Instructions for the task —
A verbatim copy of the listing is what is needed, minus any pictures.

[Records shown Boundary: Start]

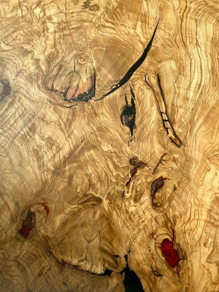 J’ai d’abord dessiné à la main un tracé évoquant une rivière, puis l’ai numérisé pour le reporter sur deux planches de Frêne Olivier aux lignes naturelles et vibrantes.
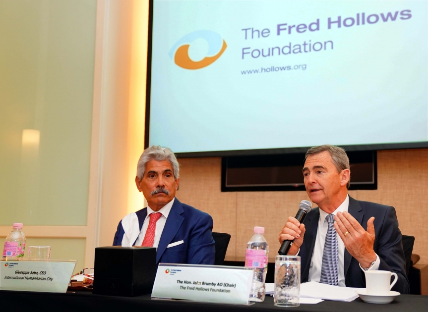 وخلال الحدث قال سعادة برامبي: "سيسهم المكتب الإقليمي الجديد في المدينة العالمية للخدمات الإنسانية ف تعزيز وتسريع جهودنا لمعالجة بعض الملايين ممن يعانون من العمى في المنطقة".
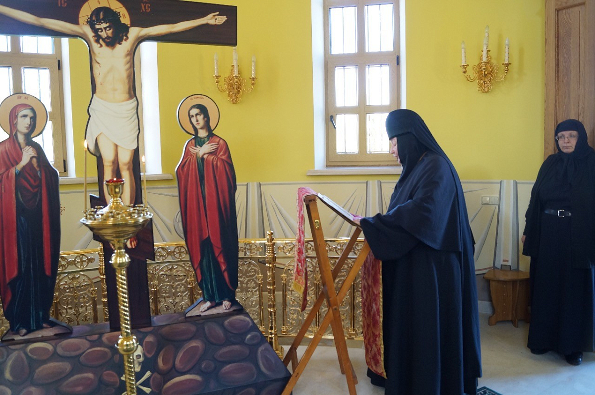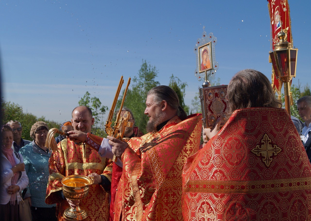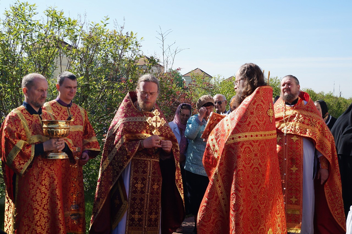 По заамвонной молитве священнослужители, настоятельница монастыря игумения Мария (Солодовникова) с сестрами, прихожане и паломники обители торжественно обошли храм-именинник крестным ходом с хоругвями и иконами с чтением Евангелия, молитвенным призыванием помощи святых и окроплением святой водой.
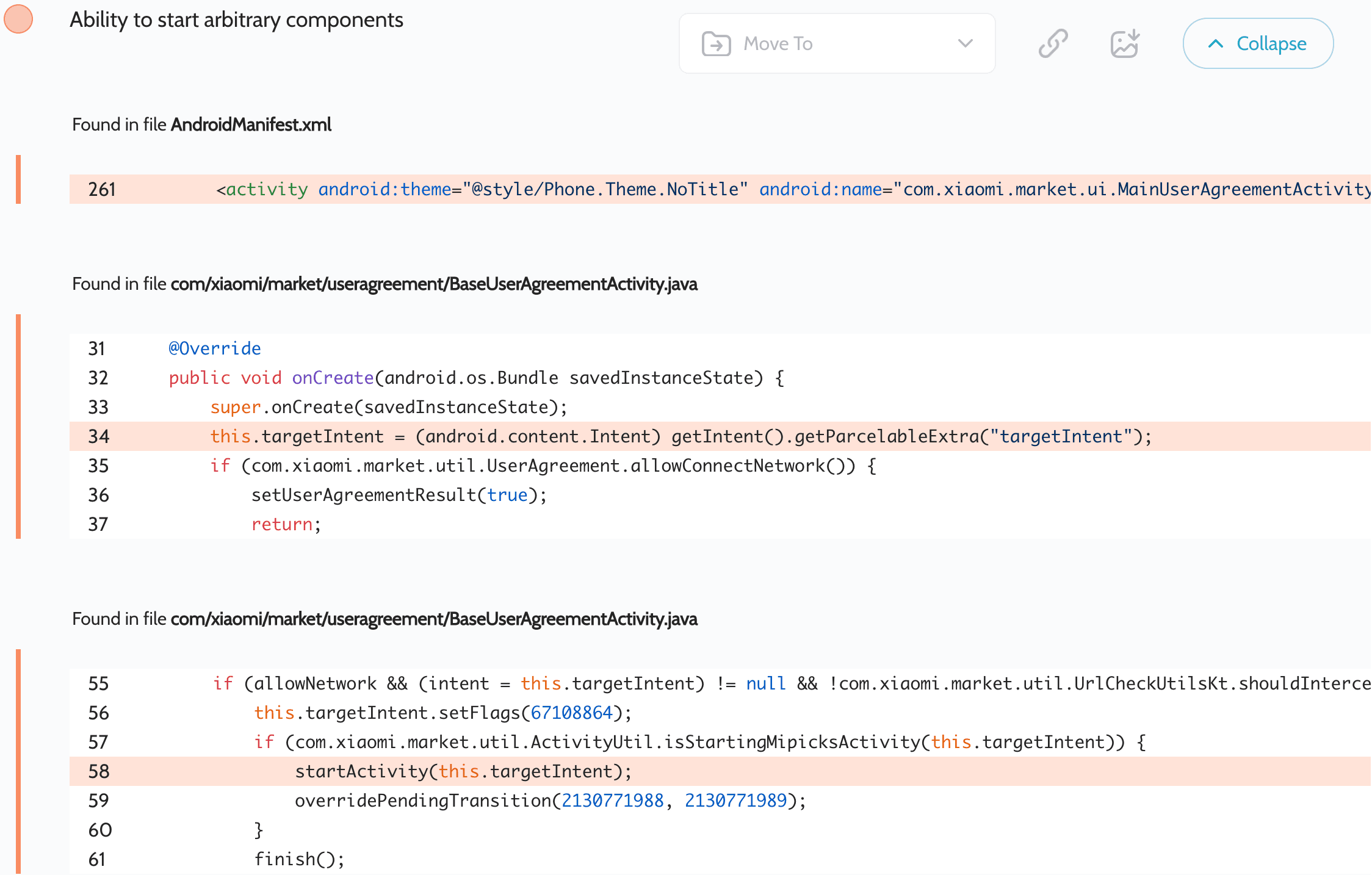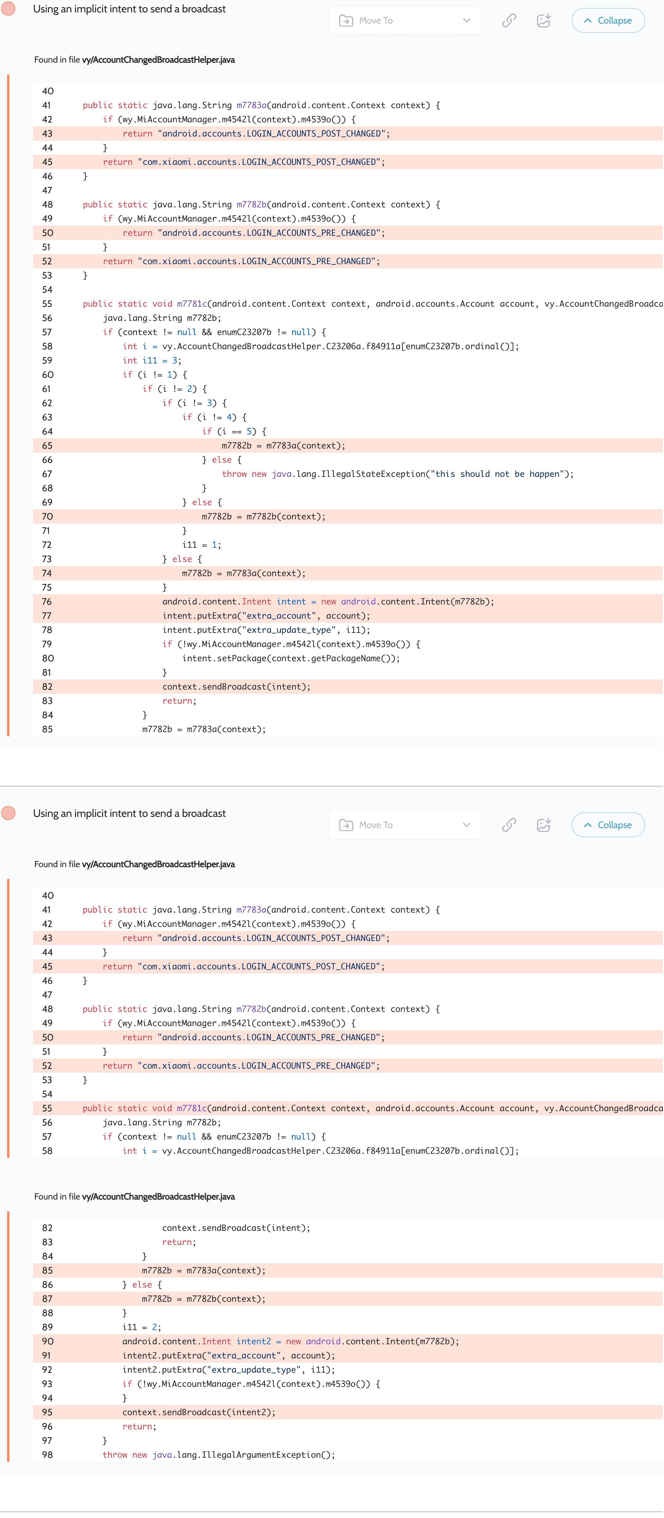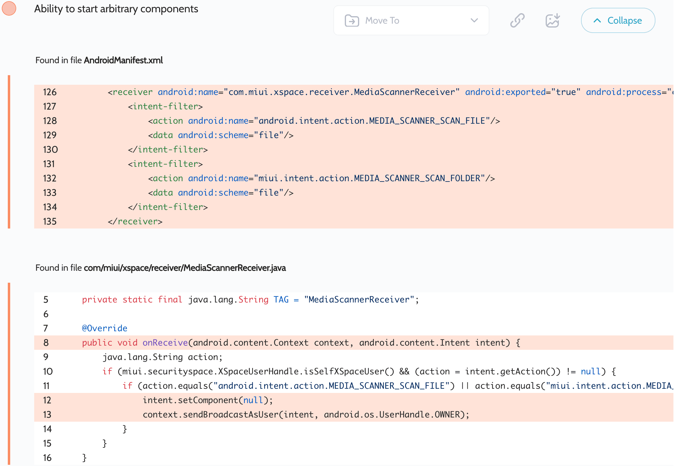 Oversecured found and resolved significant mobile security vulnerabilities in Xiaomi devices. Our team discovered 20 dangerous vulnerabilities across various applications and system components that pose a threat to all Xiaomi users. The vulnerabilities in Xiaomi led to access to arbitrary activities, receivers and services with system privileges, theft of arbitrary files with system privileges, disclosure of phone, settings and Xiaomi account data, and other vulnerabilities.
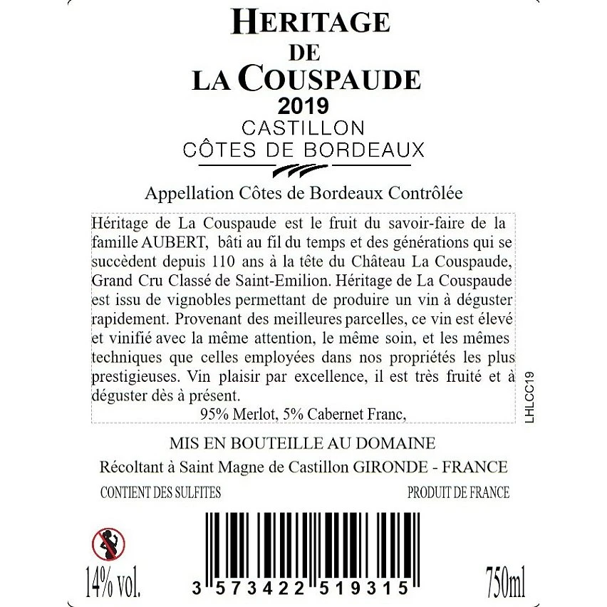 Le moins cher 😍 Héritage de la Couspaude, 2019 – Castillon Côtes de Bordeaux AOP – Rouge – 75 cl 🧨
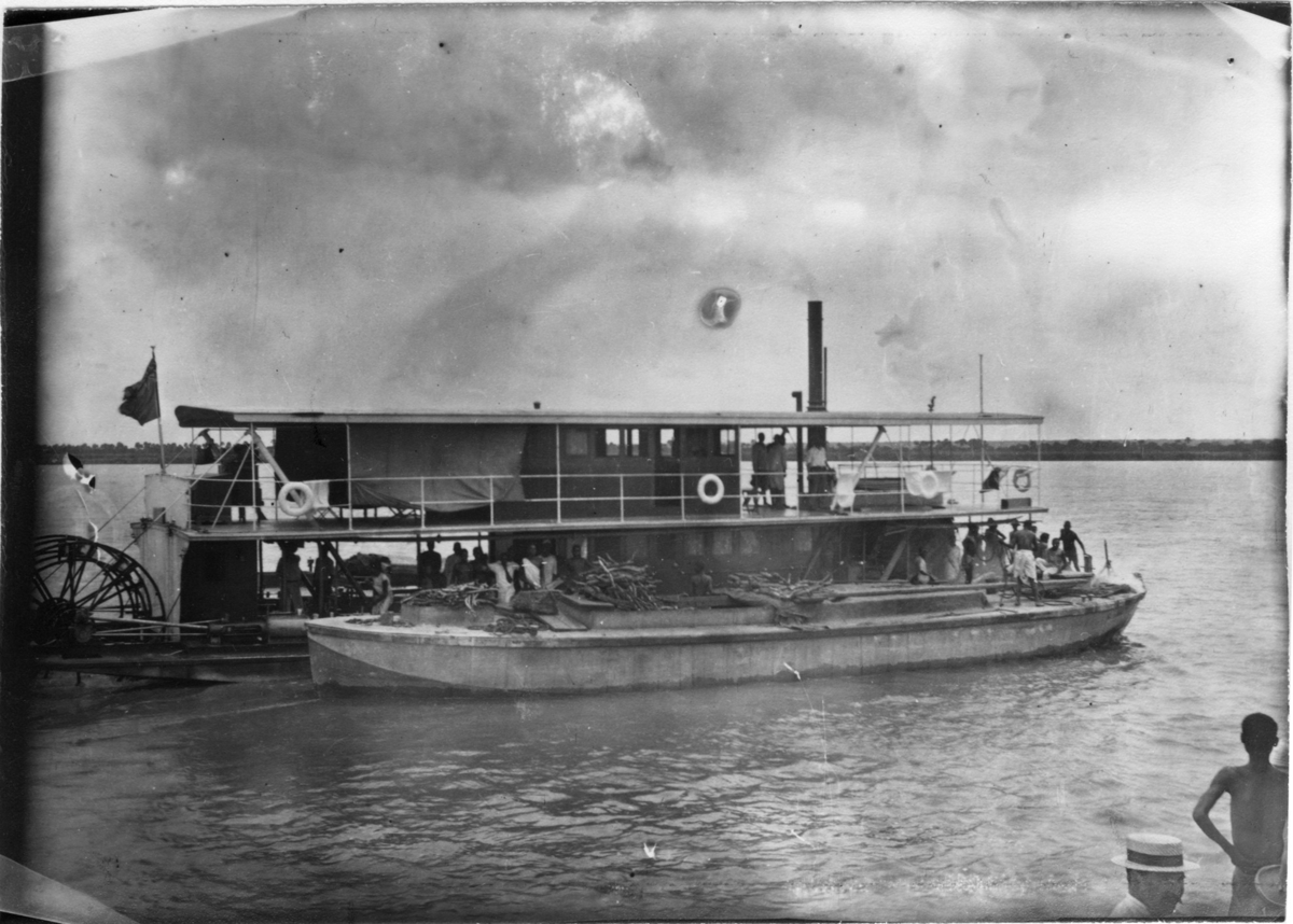 'Diverse fotografier från bl.a. dåvarande Nordrhodesia, nu Zambia, tagna av Konsul Magnus Leijer. :: :: 1 hjulfartyg med människor, vid sidan av det ligger en avlång smal båt. I förgrunden är 2 personer synliga.'
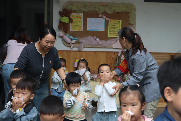 10:00演练正式启动,浓烟升起后,保安谢君山通过广播发出疏散警报,同步上报园长。30秒内,教职工迅速响应:教师引导幼儿捂鼻弯腰撤离,保育员断电断火检查教室,周跃学关闭园区总阀;后勤保障组同步行动,在教学楼门口协助疏导人流,避免队伍拥堵。1分46秒时,所有师幼安全抵达操场,无一人滞留。后续3-5分钟内,各班教师快速清点人数,向总指挥汇报情况。
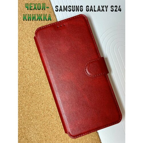 Чехол книжка для Samsung Galaxy S24 кожаный с магнитной застежкой, Самсунг Галакси ЭС 24 , с функцией подставки

[Records shown Boundary: End]

Exercise result —
 J’ai d’abord dessiné à la main un tracé évoquant une rivière, puis l’ai numérisé pour le reporter sur deux planches de Frêne Olivier aux lignes naturelles et vibrantes.
 وخلال الحدث قال سعادة برامبي: "سيسهم المكتب الإقليمي الجديد في المدينة العالمية للخدمات الإنسانية ف تعزيز وتسريع جهودنا لمعالجة بعض الملايين ممن يعانون من العمى في المنطقة".
 По заамвонной молитве священнослужители, настоятельница монастыря игумения Мария (Солодовникова) с сестрами, прихожане и паломники обители торжественно обошли храм-именинник крестным ходом с хоругвями и иконами с чтением Евангелия, молитвенным призыванием помощи святых и окроплением святой водой.
 Oversecured found and resolved significant mobile security vulnerabilities in Xiaomi devices. Our team discovered 20 dangerous vulnerabilities across various applications and system components that pose a threat to all Xiaomi users. The vulnerabilities in Xiaomi led to access to arbitrary activities, receivers and services with system privileges, theft of arbitrary files with system privileges, disclosure of phone, settings and Xiaomi account data, and other vulnerabilities.
 Le moins cher 😍 Héritage de la Couspaude, 2019 – Castillon Côtes de Bordeaux AOP – Rouge – 75 cl 🧨
 'Diverse fotografier från bl.a. dåvarande Nordrhodesia, nu Zambia, tagna av Konsul Magnus Leijer. :: :: 1 hjulfartyg med människor, vid sidan av det ligger en avlång smal båt. I förgrunden är 2 personer synliga.'
 10:00演练正式启动,浓烟升起后,保安谢君山通过广播发出疏散警报,同步上报园长。30秒内,教职工迅速响应:教师引导幼儿捂鼻弯腰撤离,保育员断电断火检查教室,周跃学关闭园区总阀;后勤保障组同步行动,在教学楼门口协助疏导人流,避免队伍拥堵。1分46秒时,所有师幼安全抵达操场,无一人滞留。后续3-5分钟内,各班教师快速清点人数,向总指挥汇报情况。
 Чехол книжка для Samsung Galaxy S24 кожаный с магнитной застежкой, Самсунг Галакси ЭС 24 , с функцией подставки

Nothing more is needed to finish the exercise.